In 1992, an impressive-for-the-time number women–28–were elected to Congress, including two women from California–Barbara Boxer and Dianne Feinstein–making it the first time a state was represented by two women in the Senate. This election nearly doubled the number of women in the House and raised the number of female senators from 2 to 6.

According to the Archives of the United States House of Representatives:

“The impressive gains by women in 1992 were not the product of any one galvanizing event, but, rather, the confluence of several long-term trends and short-term election year issues. Demographics, global politics, scandal, and the ripple effect of the women’s liberation movement all played a part in the results of that historic election.” (The Year of the Woman, 1992: History, Art & Archives of the United States House of Representatives)

The more popular interpretation, however, is that the “Year of the Woman” was a response to the controversial Anita Hill hearings during the confirmation process for Justice Clarence Thomas. Those hearings did not look good for Thomas (but he was still confirmed), and they did not look good for the Senate, as there were no women on the Senate Judicial Committee. That meant that Hill was questioned about her sexual harassment allegations by a bunch of old men. The optics are bad. It’s bad.
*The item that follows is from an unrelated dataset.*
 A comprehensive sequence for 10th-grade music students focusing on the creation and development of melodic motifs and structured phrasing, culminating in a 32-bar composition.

The Archives of the United States House of Representatives argues that:

“Expectations for a “breakthrough” year for women had been high since the late 1970s; in fact, 1984 had been hopefully, but prematurely, advertised as the “Year of the Woman.” Political observers discussed the rise of a “gender gap” and predicted that 6 million more women than men would vote in the 1984 elections. When Congresswoman Geraldine Ferraro of New York was chosen as the Democratic candidate for Vice President that year—the first woman to appear on a major party ticket—expectations soared for a strong turnout by women at the polls.”

Still, the frustration and outrage over the Hill-Thomas debacle are looked at as a flashpoint. The narrative goes that women got frustrated by their lack of representation and set out to fix it. In addition to that frustration, there was also a growing pool of female candidates with experience, more availability of funding, a number of retiring members of congress, and the redistricting after the 1990 Census helped too.
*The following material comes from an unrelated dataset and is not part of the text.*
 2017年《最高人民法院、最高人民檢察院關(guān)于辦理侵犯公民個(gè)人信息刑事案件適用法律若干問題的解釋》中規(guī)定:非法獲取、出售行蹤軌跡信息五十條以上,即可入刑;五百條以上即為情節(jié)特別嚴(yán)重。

Forty-seven of the 58 African-American, Hispanic-American, and Asian-Pacific-American women who have served in Congress were elected between 1992 and 2016. Still, women only make up 23% of Congress as compared to 51% of the population. 
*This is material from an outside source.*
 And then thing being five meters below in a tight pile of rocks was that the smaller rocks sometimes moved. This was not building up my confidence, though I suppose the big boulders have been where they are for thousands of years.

Why are people calling 2018 “Year of the Woman”?

There are clearly some parallels between 2018 and 1992. Women are still grossly underrepresented, and women of color even more so. Add in frustrations over sexist rhetoric coming out of the White House and the lingering disappointment and anger over the 2016 election and there is plenty to motivate women to run for election. Like in 1992, there is better access to funding and a spate of retirements. Then there was the confirmation hearing for Justice Brett Kavanaugh which featured the poignant testimony of Dr. Christine Blasey Ford about her allegations of sexual assault by Kavanaugh. He was still confirmed.  Jennifer Rubin writes for The Washington Post: 

“Absorbing the constant sting of Trump’s verbal arrows, women did not “get over” Trump’s election or learn to live with his serial affronts. They did not take kindly to his mocking of the #MeToo movement or of Christine Blasey Ford. It’s fair to say that women who would not have otherwise gotten politically involved did so because they could clearly see the mostly male political powers were not looking after their interests. So they marched, they organized, they became donors, they ran for office, they made new alliances, they ‘persisted,’ as Senate Majority Leader Mitch McConnell (R-Ky.) complained when Sen. Elizabeth Warren (D-Mass.) refused to sit down and be quiet as instructed on the Senate floor.” (“Year of the woman? Darn right.”)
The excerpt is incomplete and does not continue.